Kepala Kantor Pelayanan Pajak berdasarkan penelitian menentukan untuk mengabulkan atau menolak klarifikasi Wajib Pajak atas surat klarifikasi paling lama 5 (lima) hari kerja setelah surat klarifikasi diterima. Klarifikasi Wajib Pajak dikabulkan dalam hal Wajib Pajak telah memenuhi kewajiban perpajakannya yang menjadi dasar penonaktifan akses pembuatan Faktur Pajak. Klarifikasi ditolak apabila Wajib Pajak belum memenuhi kewajiban perpajakannya yang menjadi dasar penonaktifan akses pembuatan Faktur Pajak. Dalam hal klarifikasi Wajib Pajak dikabulkan maka Kepala Kantor Pelayanan Pajak mengaktifkan kembali akses pembuatan Faktur Pajak Wajib Pajak. Dalam hal 5 (lima) hari kerja setelah surat klarifikasi diterima terlewati dan Kepala Kantor Pelayanan Pajak belum menentukan untuk mengabulkan atau menolak klarifikasi Wajib Pajak, klarifikasi Wajib Pajak tersebut ditindaklanjuti dengan mengaktifkan kembali akses pembuatan Faktur Pajak Wajib Pajak. Begitu pula dalam hal berdasarkan data dan/atau informasi yang dimiliki Direktorat Jenderal Pajak diketahui bahwa dasar penonaktifan akses pembuatan Faktur Pajak Wajib Pajak tidak memenuhi kriteria penonaktifan akses pembuatan Faktur Pajak, Kepala Kantor Pelayanan Pajak mengaktifkan kembali akses pembuatan Faktur Pajak Wajib Pajak. Dalam 5 (lima) hari kerja setelah pengaktifan kembali akses pembuatan Faktur Pajak, Wajib Pajak masih memenuhi kriteria penonaktifan akses pembuatan Faktur Pajak maka Kepala Kantor Pelayanan Pajak menonaktifkan kembali akses pembuatan Faktur Pajak.

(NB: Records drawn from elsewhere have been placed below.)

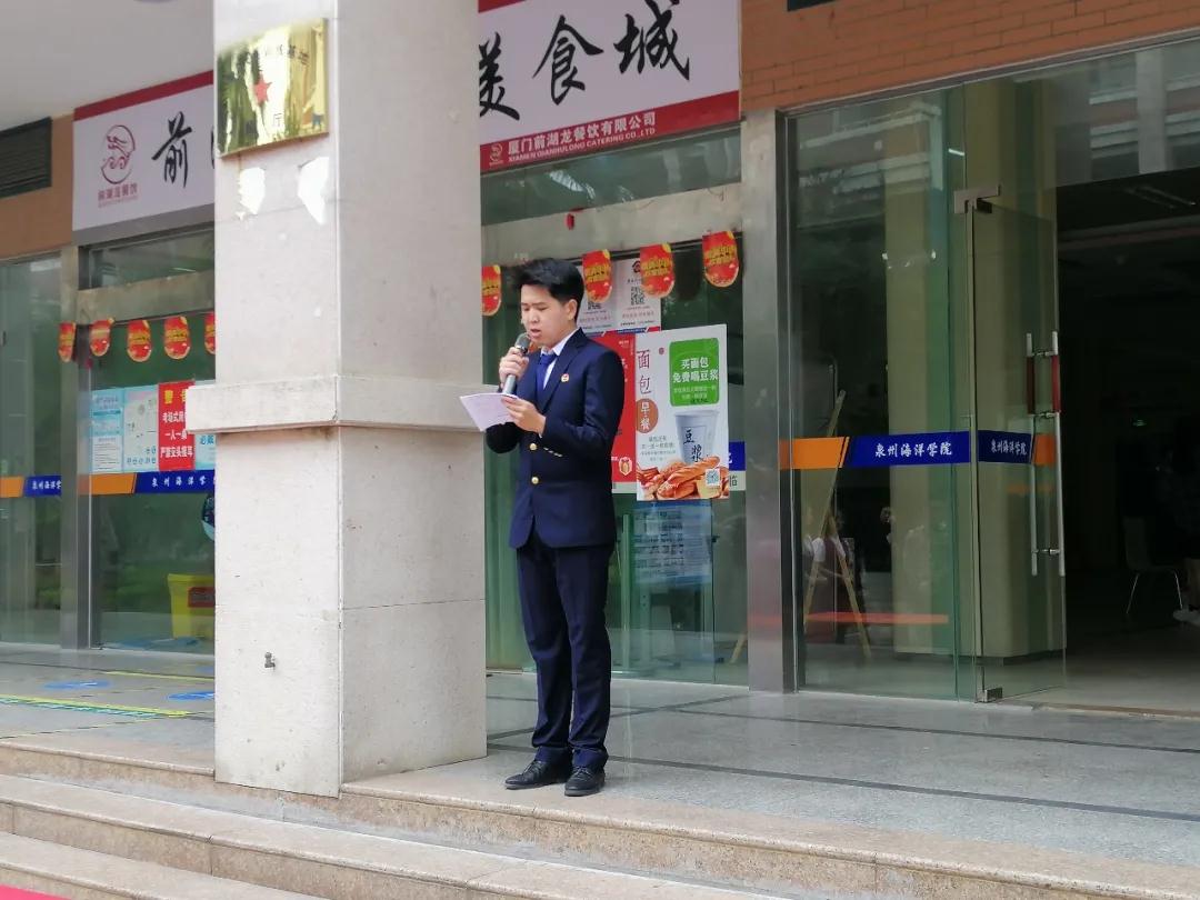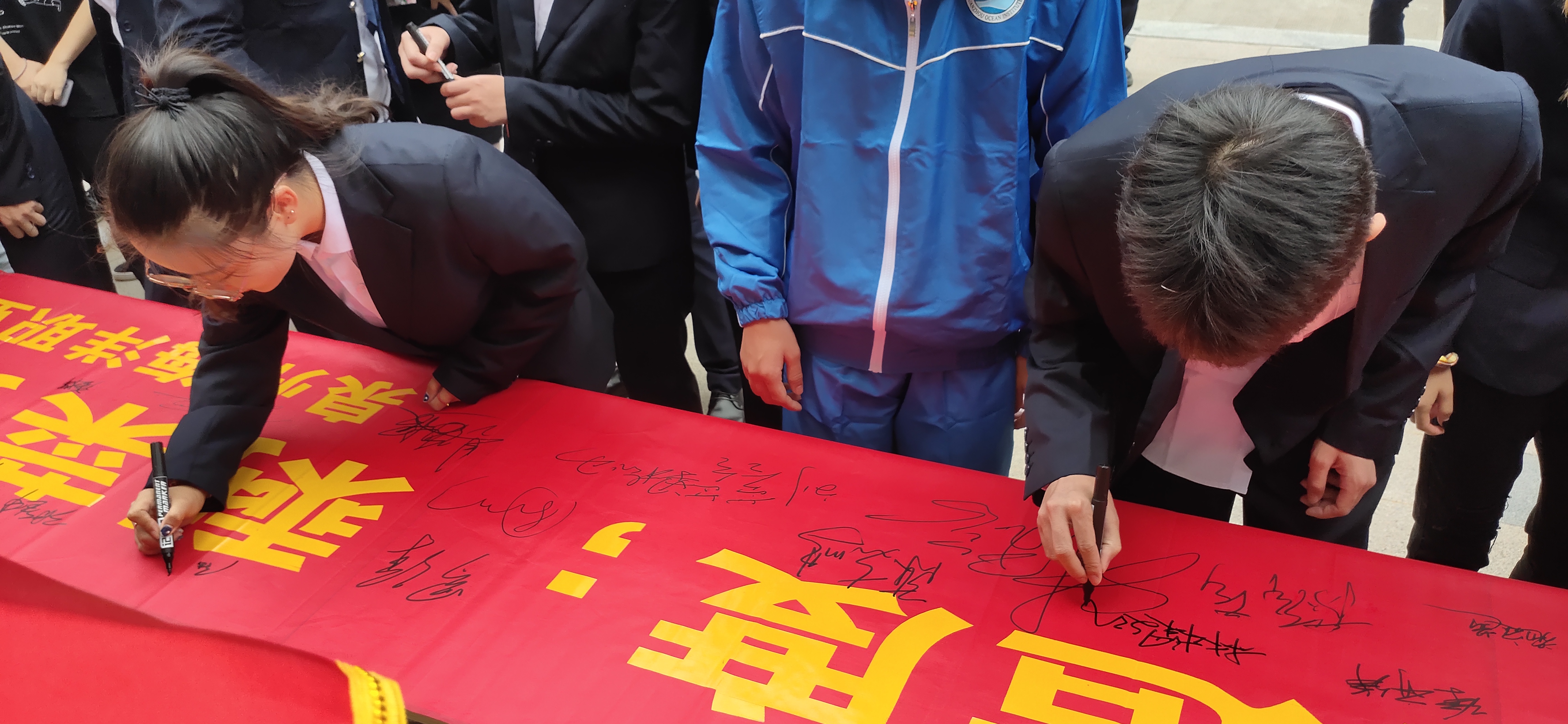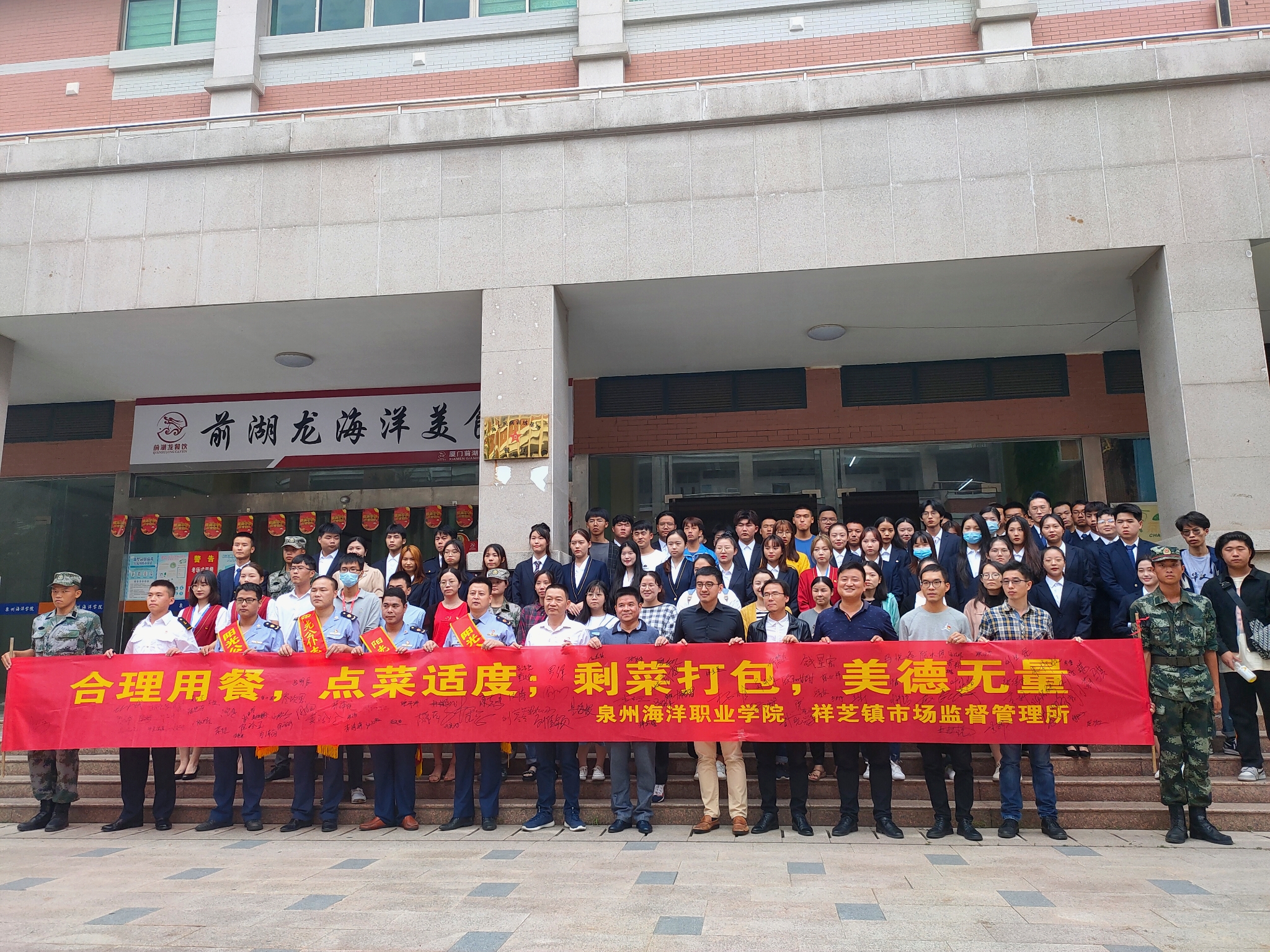 接下来由校领导、祥芝镇市场监督管理所领导、机关党支部老师及全体学生代表在横幅上签名,向全体师生发出倡议:厉行节约,杜绝浪费,从我做起,从我家做起,自觉把勤俭节约、艰苦奋斗的理念内化于心、外化于行。
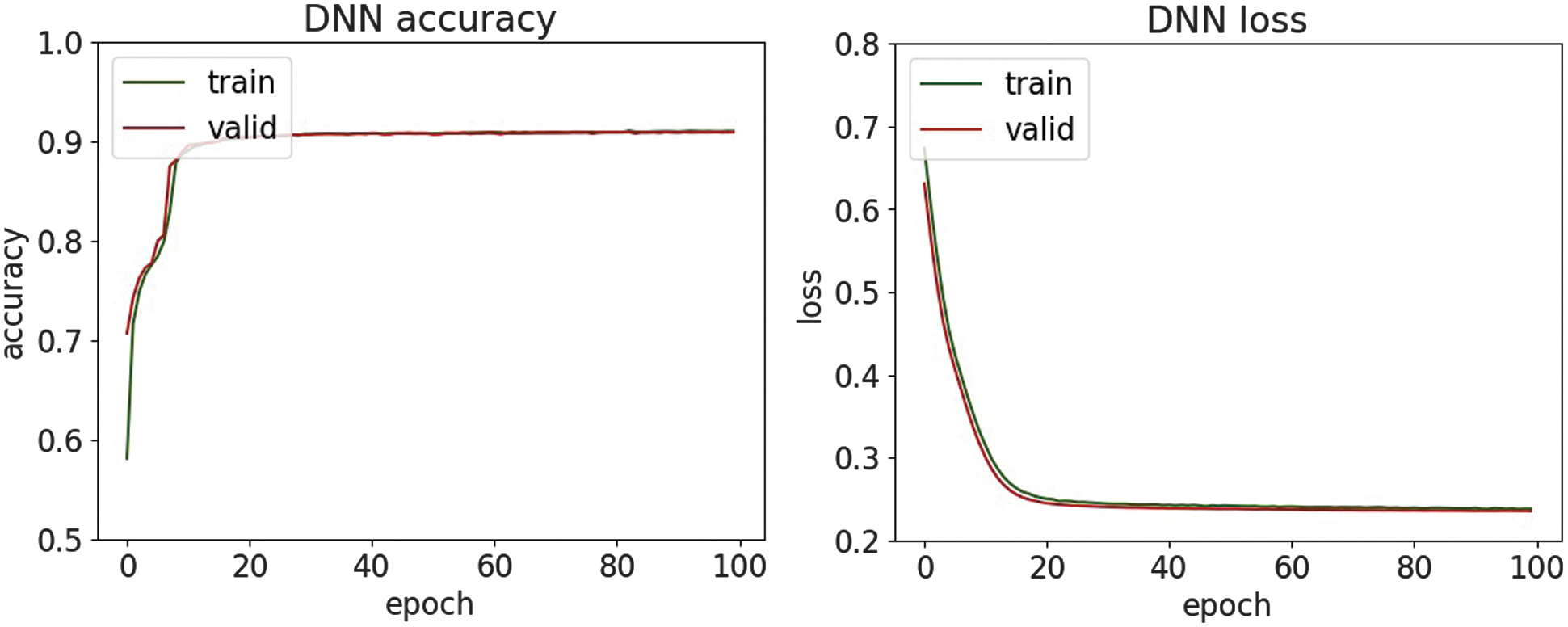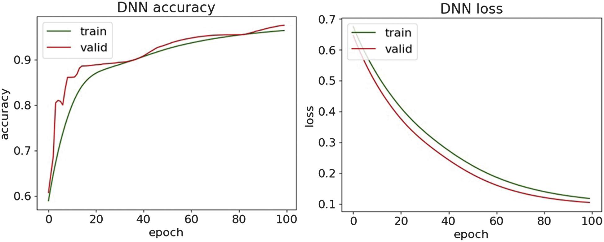 Fig. 18. The accuracy and loss plots of DNN.
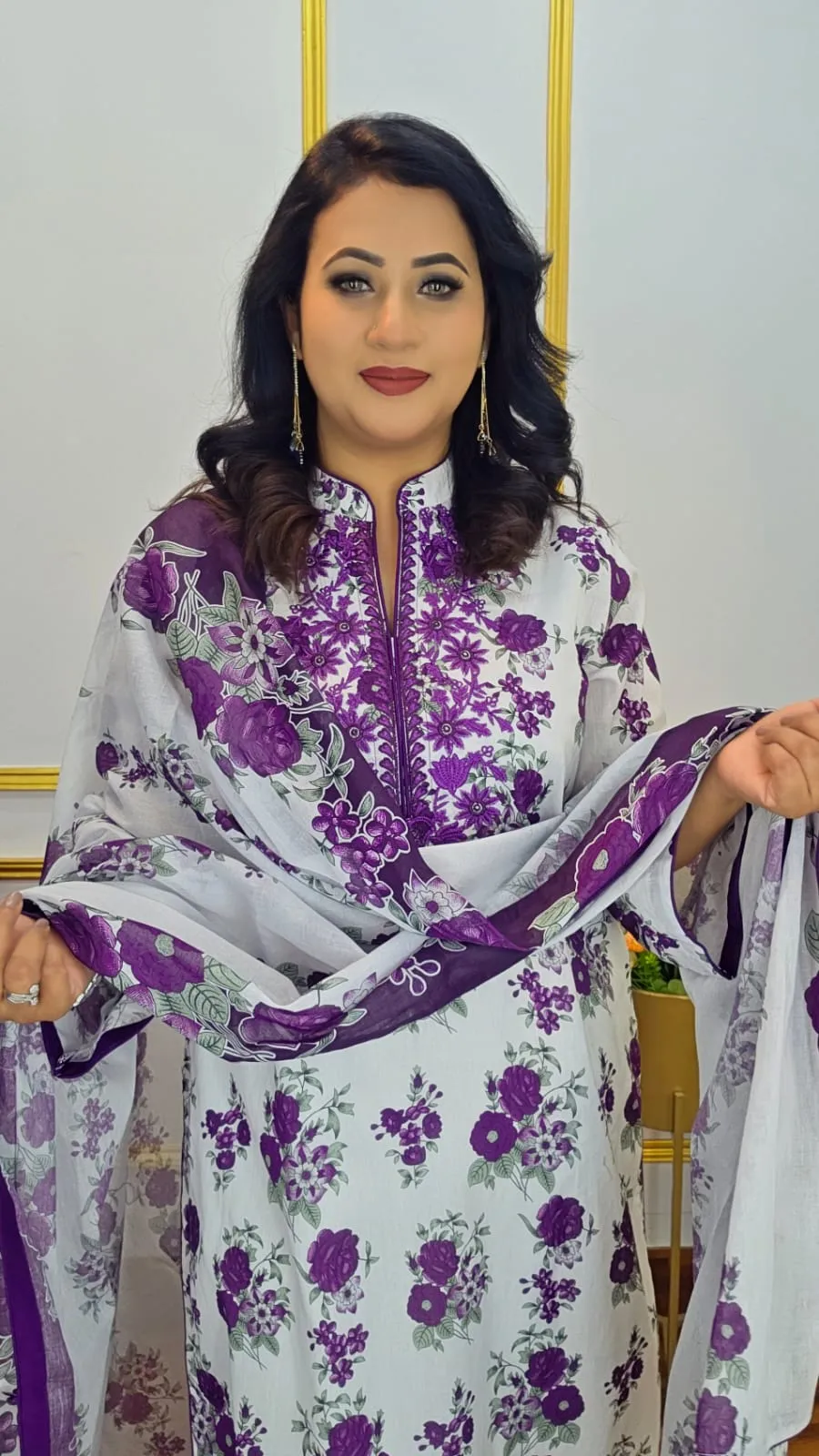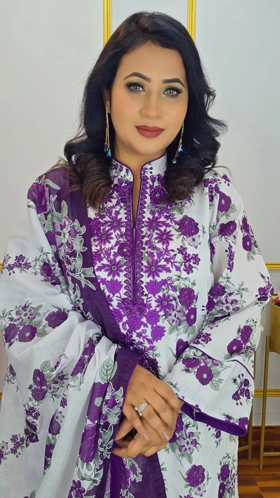 Luxury Cotton Ready Three Piece, crafted from premium luxury cotton fabric for all-day comfort. The outfit features a fully digital printed body and orna, enhanced with both-side cord piping finishing for a polished look. Subtle yet elegant embroidery work adds a touch of grace, making it perfect for daily wear, office use, and casual outings. Designed in a flattering ready-to-wear fit, this set blends modern fashion with timeless comfort.
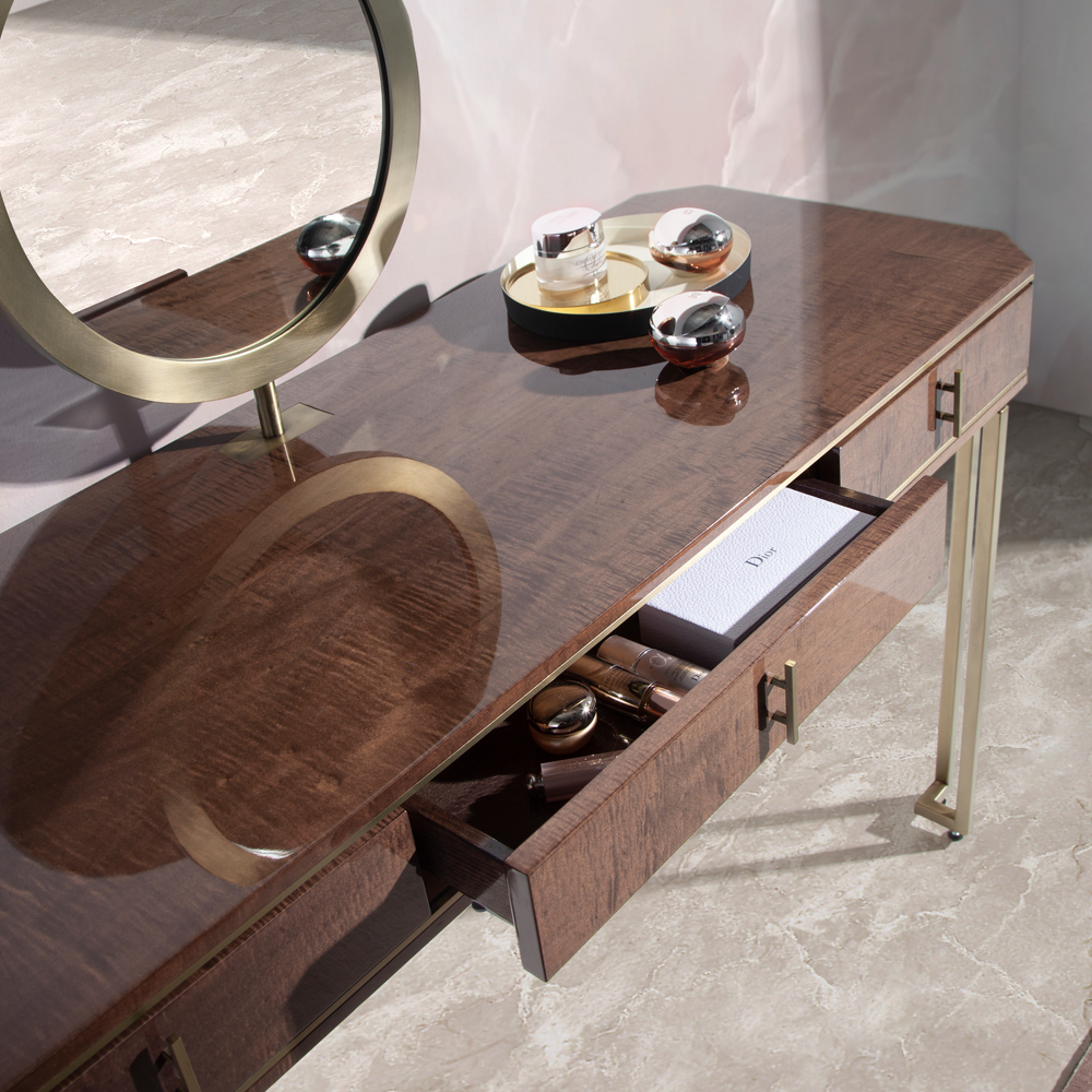 This decadent dressing table is centred with a round mirror and showcased in a high sheen brown maple veneer. This is seamlessly complemented by sleek brass metal detailing on the table legs. Features three drawers for ample storage space. Alternative metal and wood finishes are available upon request. Prices will vary.
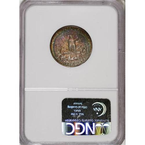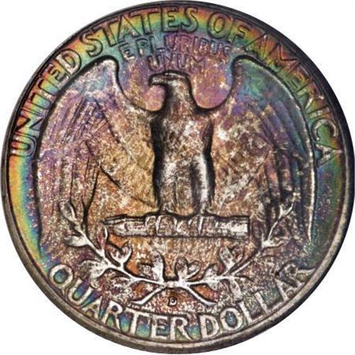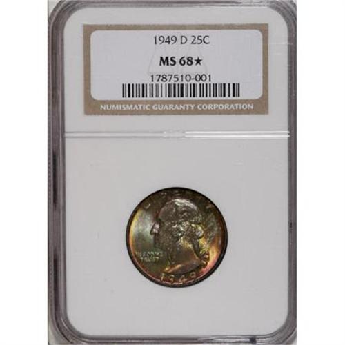 <B>1949-D 25C MS68 <img src="/images/star.gif" width="10" height="10" alt="" border="0"> NGC</B></I> The surfaces of this coin approach technical perfection and each side is covered with the most attractive toning imaginable. A rich interplay of emerald-green, rose, and lavender colors is seen on both obverse and reverse with approximately the same weight and density of coloration on each side. This is the finest known. Population: 1 in 68 <B><img src="/images/star.gif" width="10" height="10" alt="" border="0"></B></I>, 0 finer (12/07).<BR><BR><B>Coin Engraver:</B> John Flanagan<BR><BR><b>Shipping:</b> Coins & Currency (<a target="_blank" href="http://www.heritageauctions.com/common/shipping.php">view shipping information</a>)
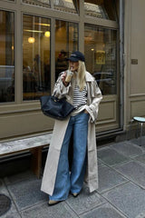 This trench coat is designed with a long silhouette and adjustable waist belt, providing a clean and balanced outline. Its design makes it suitable for layering over both casual and business outfits.
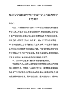 食品安全领域集中整治专项行动工作联席会议上的讲话.docx
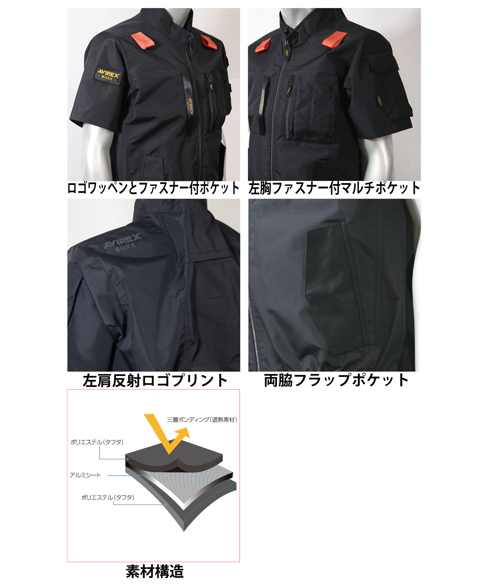 AVREXのサイドファン空調服です。ファッション性と機能性が融合して生まれた商品です。※空調服には、ファンユニットが含まれていません。
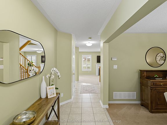 Welcome to this inviting 3-bedroom, two-storey family home, tucked away on a quiet street in Milton's coveted Dempsey neighbourhood. Offering nearly 2,500 sq. ft. finished living space. This well-designed home combines timeless charm with modern comfort. Upon entry, you're greeted by a large family room and dining room-perfect for hosting gatherings or enjoying cozy evenings together. Toward the back of the home, the bright living room with a gas fireplace and the spacious eat-in kitchen create a warm, connected hub for everyday living. A walkout leads to the generous backyard, ideal for barbecues, play, or designing the outdoor oasis you've always imagined. Low-maintenance perennial gardens add colour and beauty throughout the seasons. Upstairs, you'll find three generously sized bedrooms, including a serene primary retreat. A highlight of the upper level is a peaceful private balcony-an inviting spot for morning coffee, people watching, or unwinding with a good book. The finished basement offers versatile space that adapts to your lifestyle, whether you need a home office, kids' playroom, or media lounge. With parking for three vehicles and a location just steps from top-rated schools, parks, transit, trails, the library, and everyday essentials, this move-in ready home offers the perfect balance of comfort an convenience. Don't miss this opportunity to make your family's next chapter in one of Milton's most desirable communities. Book your showing today!

Per-19/PJ/2025 ini memperketat pengawasan kepada pengusaha kena pajak yang lalai dalam melaksanakan kewajiban perpajakannya. Kriteria tidak melaksanakan kewajiban perpajakannya diperluas sampai tidak melaporkan SPT Masa PPh, tidak melaporkan SPT Tahunan PPh dan tunggakan pajak. Agar akses pembuatan faktur pajak tidak dinonaktifkan, ayo laksanakan kewajiban perpajakannya dengan benar, tertib, dan teratur.